2. increased the Bone resorption of Ca and PO4– by stimulation of osteoclasts activities with resultant increased blood concentrations of these two elements. 3. PTH increases the renal reabsorption of Ca and renal excretion of PO4– - (phosphaturia), this step is important in determining the NET action of PTH as (this latter action step- 3 overcome the sum of the previous above actions 1 & 2). SO, the net of PTH action is: increases the circulated levels of Ca and decreases that of PO4--. Control of PTH secretion is depend on the blood Ca++ concentration.
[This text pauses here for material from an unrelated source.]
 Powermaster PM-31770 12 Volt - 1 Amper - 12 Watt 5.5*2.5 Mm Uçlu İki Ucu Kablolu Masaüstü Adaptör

A fall in blood Ca++ increases the secretion (and so the blood) PTH levels till the correction of Ca++ blood levels, then in the presence normal physiology, the PTH secretion (and blood levels) returns to normal. PTH secretion is also enhanced by hypomagnesaemia. The borderline increases in PTH blood levels in the presence of Hypercalcaemia is an indication of abnormal Parathyroid gland function. The combination of PTH and DOHD3 actions is revealed when there is hypocalcaemia. In this case, a fall in plasma Ca++ level stimulates PTH synthesis and secretion. The PTH enhances 1- alpha-hydroxylase enzyme activity and therefore increases the synthesis of active D3 (DOHD3) by kidney.
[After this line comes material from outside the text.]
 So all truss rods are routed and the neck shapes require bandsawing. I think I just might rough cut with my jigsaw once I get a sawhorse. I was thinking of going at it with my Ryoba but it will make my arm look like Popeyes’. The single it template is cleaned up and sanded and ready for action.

These mechanisms act tiil the correction of plasma Free Ca, hence both PTH and DOHD3 secretion is suppressed. So, both PTH & DOHD3 act synergistically on the osteoclasts of bone, releasing Ca into the blood, DOHD3 also increases Ca intestinal lumen absorption. Human body also contains what is known the Parathyroid related protein PTHrP. This protein is structurally biologically similar to PTH (contains the active N-terminal 34 amino acids sequence) and therefore activating the PTH receptors mimicking the hormone action in respect to Ca metabolism. It is widely distributed throughout the body but it is repressed (inhibited).

In certain tumors as that of bronchus, head tumors is derepressed (activated) and may leads to abnormal condition of Hypercalcaemia. Another, but less important factor is Calcitonin hormone that is secreted from parafollicular cells of Thyroid gland (Thyroid medulla). This hormone has an opposite action to blood PTH and so decreasing the bone release of Ca (reduce bone resorption of ca) and may be used in treatment of Hypercalcaemia.